Extended Data Fig. 6: Variable contacts obscure the organization of the nerve ring. | Nature

Extended Data Fig. 6: Variable contacts obscure the organization of the nerve ring.

From: A multi-scale brain map derived from whole-brain volumetric reconstructions

Extended Data Fig. 6

a, Cluster analysis of unperturbed membrane contact datasets M1, M2, M3 and M4. Clustering results for membrane contacts predicted to combine core and variable contacts (M3) and overwhelmingly variable contacts (M2, M1) significantly and increasingly diverge from five consensus clusters, indicated by large numbers of small clusters. b, Cluster analysis of (unperturbed) L4 and adult datasets. Both the unperturbed M4 and adult contact sets yield six clusters rather than the five clusters found in the perturbed population models (Fig. 1c, Extended Data Fig. 5).
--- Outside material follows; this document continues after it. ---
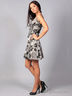 Привлекательное женское платье-сарафан с крупным цветочным принтом. На тонких лямках, расклешенное книзу, лиф украшен под грудью однотонной горизонтальной вставкой с бантом.

The additional cluster results from a split of the taxis cluster into two. This split of the taxis cluster is not observed in either the perturbed M4 or the perturbed adult contact sets, even with half of the noise levels observed empirically, indicating that the split is unlikely to be robust across a population of animals. For all cluster-frequency matrices, row and column ordering and colours are the same as the perturbed \(\tilde{{{\mathbb{M}}}^{4}}\) population dataset (Extended Data Fig. 5i). Matrix element (i, j) is 1 if cells i and j cluster together and 0 otherwise. Top: dendrogram of the hierarchical clustering.